The Chase: Part Four

(…and more…)

Part Four: The Chase

The plan had gone well, though I had wanted to be a bit closer before being seen.  Every stride helped.  Now, only the chase remained.  The being fell into the trap, cutting back for the high place.

There was no holding back.  I moved as fast as I could.  The being was agile, but I was faster.  It needed to reach the trees and brush to have any chance.  I needed to catch it before that or the chase would be difficult, though not ended.

The open space was good for running.  I could use my full stride to keep up speed without working as hard; and the target remained visible the entire time.  The being started with excellent speed, but experience suggested it would tire quickly.  As the gap between me and the being closed, the angles, speeds and distances helped me see where I might overtake it.  This always came with some uncertainty, yet helped in making a final approach.

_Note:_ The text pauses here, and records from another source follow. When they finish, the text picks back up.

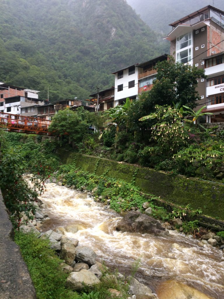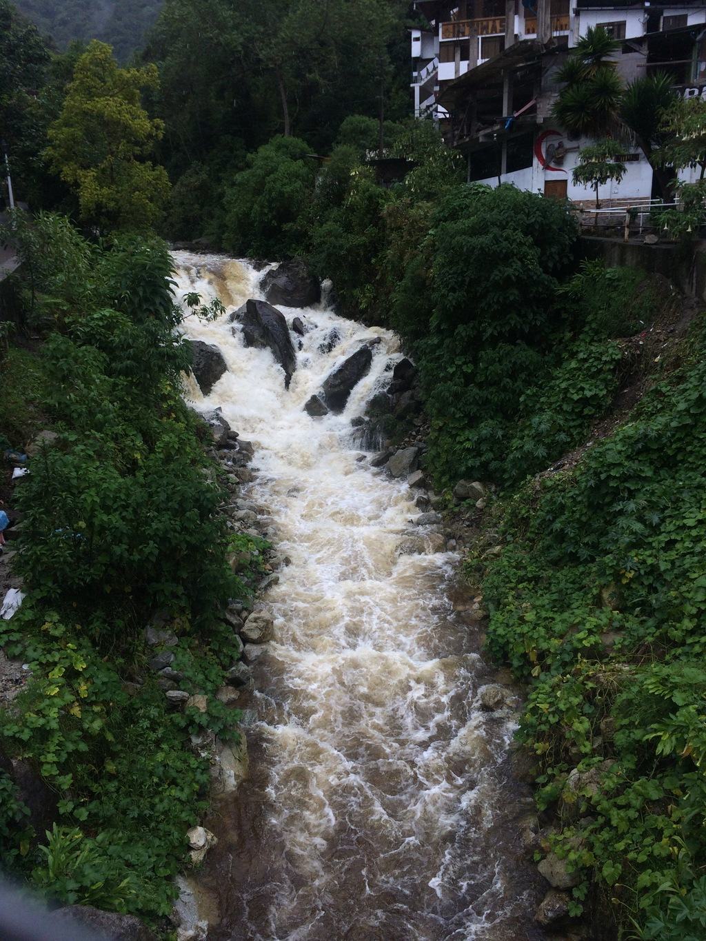 Está a chover a cântaros, o rio que atravessa Águas Calientes parece estar muito zangado..
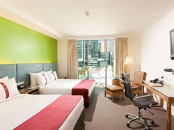 You can travel around the city area on the efficient Light Rail from the nearby stop at Paddy's Markets, where you'll bag discount clothing and souvenirs. Marvel at sea life through a glass-bottomed boat at Sydney Aquarium, a 10-minute walk away, and take in the iconic Sydney Harbour Bridge and Opera House on a harbour cruise. Our location on the city-side of Darling Harbour means it's a breeze to get to the Central Business District, 500 metres away, and Circular Quay, 1km away. It's less than a 10-minute stroll to meetings at big companies like PriceWaterhouseCoopers, Nestlé, Telstra and the Commonwealth Bank of Australia. Events at the huge Sydney Convention and Exhibition Centre are 5 minutes on foot from Holiday Inn Sydney Darling Harbour. Wash down bar snacks with boutique beers like Pure Blonde in bright JBs Bar at Holiday Inn Sydney Darling Harbour. You can work up an appetite in the MiniGym and sauna on our 3rd floor. The Holiday Inn Darling Harbour is well located at the southern end of Sydney's premier entertainment precinct. The very best of Sydney's shopping, sightseeing and attractions are all within easy access of the hotel. Getting around town is made easy with the local free shuttle service that operates down George Street regularly throughout the day. Enjoy the very best of Sydney as to offer. |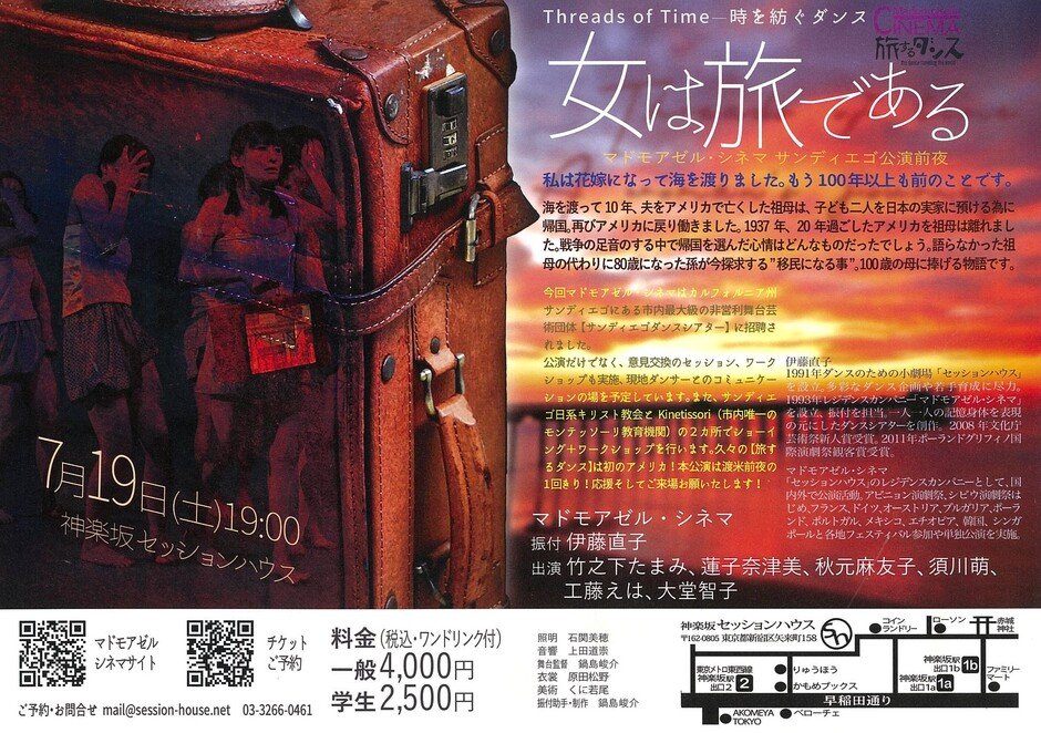 公演だけでなく、 意見交換のセッション、ワーク ショップも実施、現地ダンサーとのコミュニケーションの場を予定しています。 また、サンディエゴ日系キリスト教会と Kinetissori (市内唯一の モンテッソーリ教育機関)の2ヵ所でショーイング+ワークショップを行います。 久々の【旅するダンス】は初のアメリカ! 本公演は渡米前夜の1回きり! 応援そしてご来場お願いたします!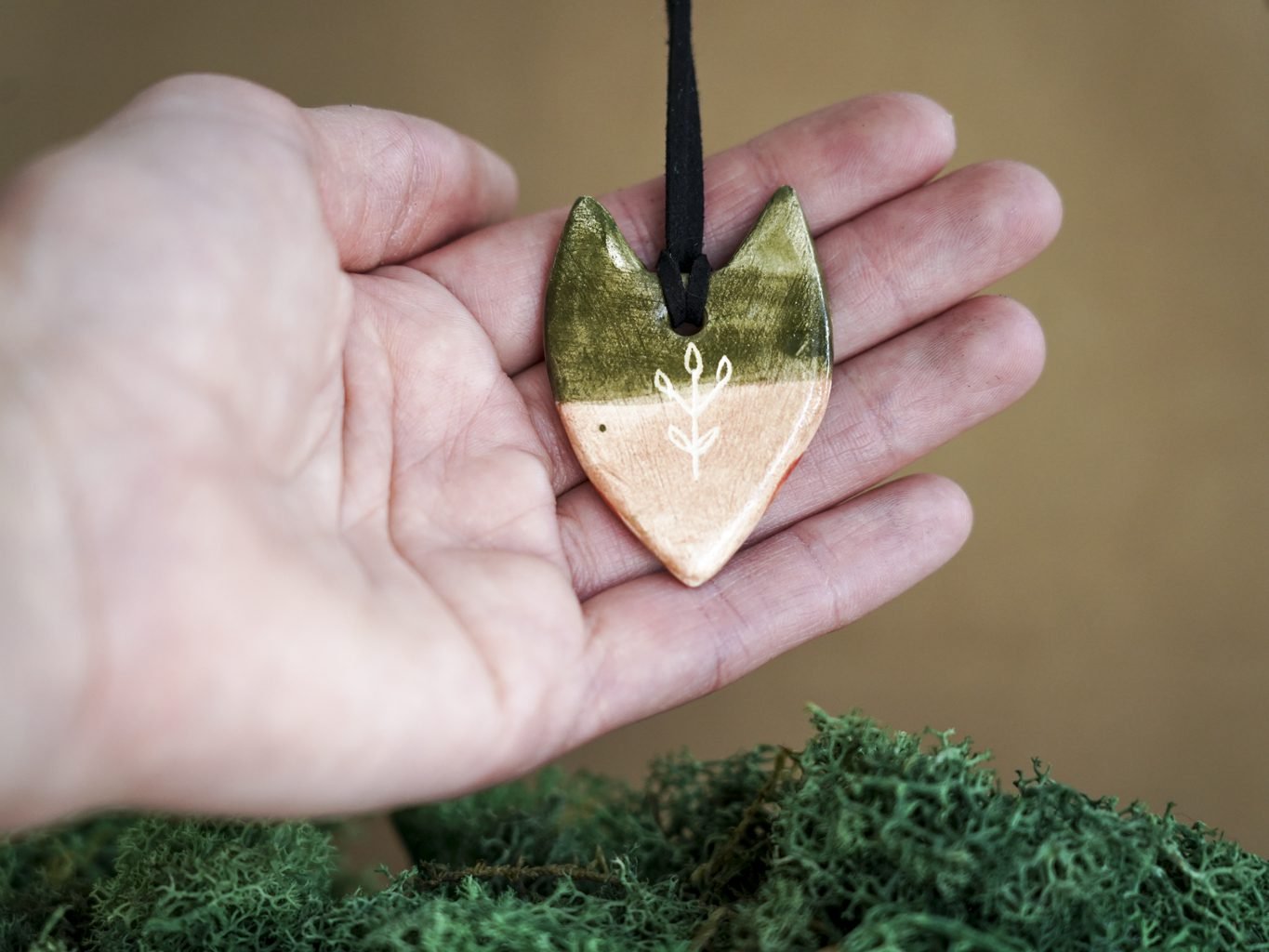 Pakabukas pakabintas ant odinės virvelės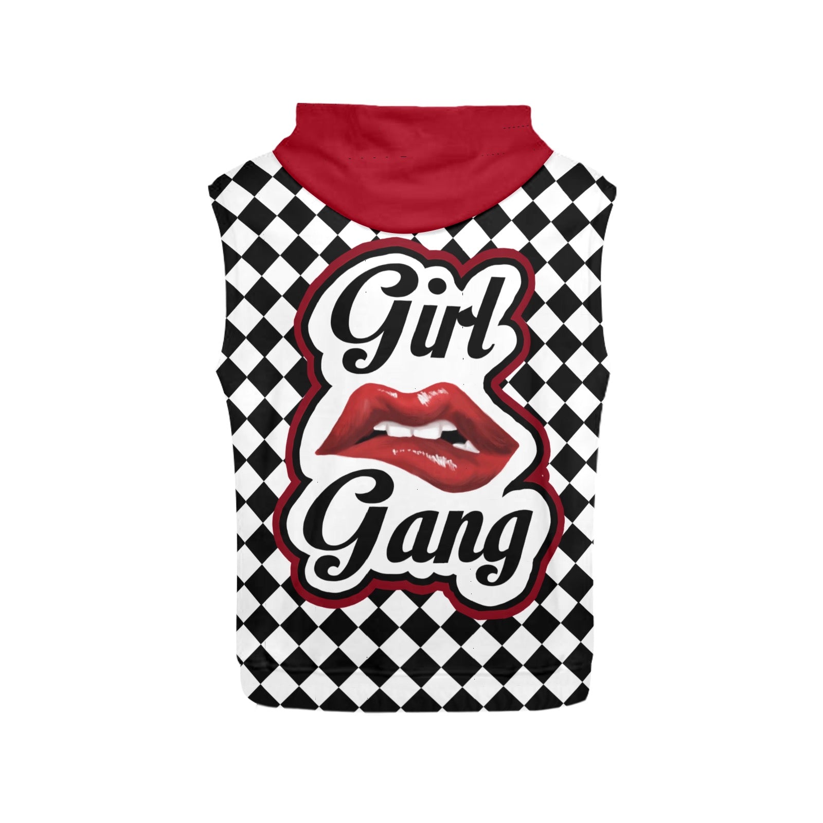“Girl Gang” (black & white) Women's All Over Print Sleeveless Hoodie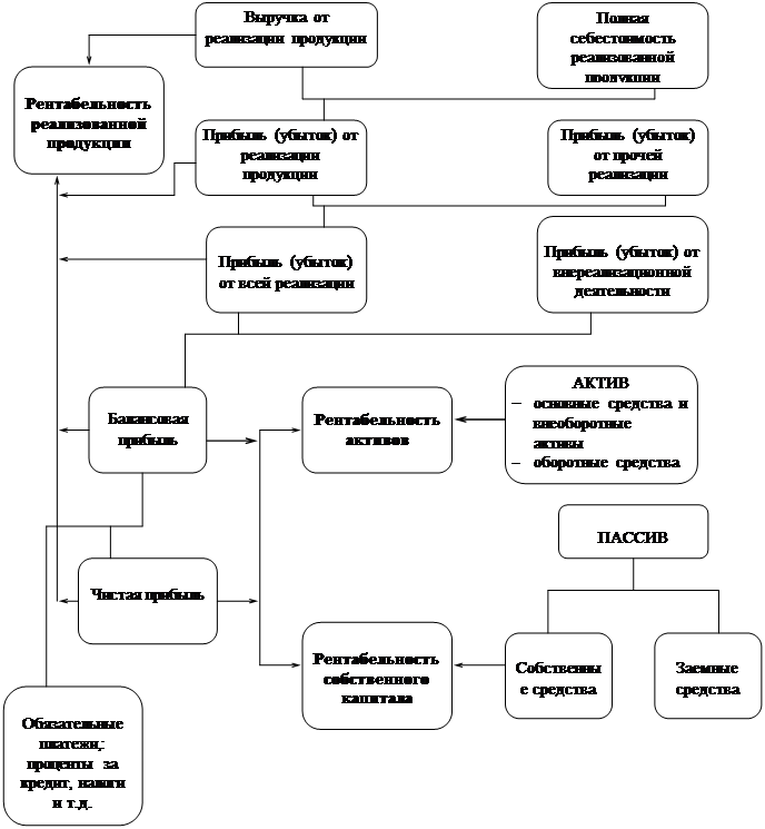 Расчет коэффициентов рентабельности исходя из приведенного выше деления позволяет достаточно полно оценить эффективность деятельности предприятия. Так, рентабельность реализованной продукции показывает какую прибыль приносит предприятию рубль вложенных средств, но она не позволяет оценить эффективность использования предприятием его активов: основных и оборотных средств и его пассивов: собственных и заемных средств. Оценить эффективность использования основных и оборотных средств позволяет расчет коэффициента рентабельности активов, который показывает сколько рублей прибыли приносит рубль всех вложенных в предприятие средств, но этот показатель не может дать ответ на сколько эффективно предприятие использует собственные и привлеченные источники финансирования. По этому для ответа на вопрос эффективно ли предприятие использует свои собственные средства, необходимо ли ей привлекать дополнительные займы и кредиты позволяет расчет коэффициента рентабельности собственных средств. Таким образом, расчет и сопоставление между собой коэффициентов этих трех групп позволит достаточно полно осветить эффективность основной деятельности предприятия, использования активов и пассивов, выявить сложившиеся тенденции, принять решения о необходимых мероприятиях по повышению рентабельности предприятия.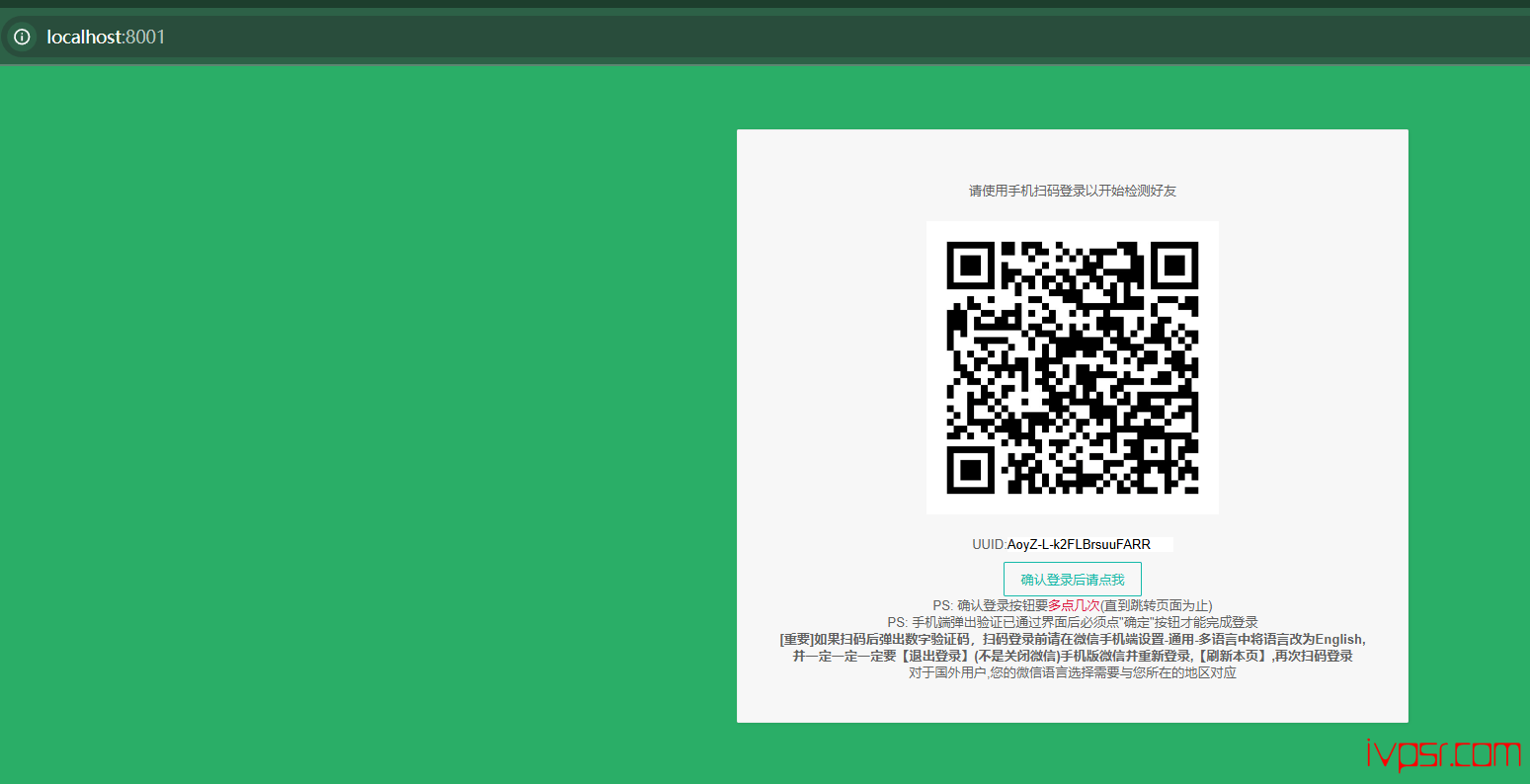 双击之后会自动运行程序,并且打开一个网页窗口,我们就用微信扫这个二维码来登录进行操作,扫描登录之后自动就开始进行扫描了

The final approach, give or take a few strides, would be just before the trees and brush, where the ground rose up.  It was to my advantage, as the being would need to exert itself slightly more to get to higher ground.  The only danger was making the final approach too quickly; as missing at high speed would give the being a chance to double back, with its superior agility, and costing me the straight line speed advantage.  Slowing just before reaching the being was imperative.  Uncertainties remained.  Beings like this typically fell into two groups, and the fact they reacted entirely differently was a better defense the actual reactions.

The first group fell into a wild panic, staying fixated on their intended escape point and running with all speed; even when the effort itself killed them.  Their only hope was that I would be too slow or make some error in my approach.

The second group were not panicked and making plans of their own.  They had options.  Most commonly, they would make a sudden change in speed or directions immediately before contact.  It only had to be enough to evade once; then they could change direction, with enough time to find shelter or, at worst, extend the chase.

The distance closed quickly.  All that remained was to execute.  All the planning, approaching and chasing would come down to skill, timing, and reflexes.

The ground rose and the being made a sudden great leap, as though it intended to reach the bushes in a final motion.  It made little sense.  Even if it was blind panic, the motion only served to make my task easier.  Often, these things were beyond explanation; though a small part of me regretted the ease of it.  Completing a successful chase, when it was challenging, gave feelings of satisfaction and dominance.  Proving able to chase down a target was a purpose in its own right; more nourishing than the actual meal it yielded.

The leap was too high, and not nearly long enough to escape me.  I slowed until my path matched the beings descent.  In motion through the air, it was lost.

I noticed too late that something pointed, perhaps a tooth, claw or horn, appeared from the upper part of the being.  It had not being there when the being left the ground, but now it was.  I turned late, and was stung with a great pain in my neck.  I twisted away, feeling the point leave my neck.  I lost my footing and fell, tumbling for a moment.  The being stood before me as I regained my feet, and I smelled no fear.  The pointed thing was gone, though I feared it still.  Such a being might make it appear again.  My neck flashed cold before a growing heat began to spread, encompassing me.  I bared my teeth for a moment, only to realize I was falling down.  I was about to sleep without wanting to.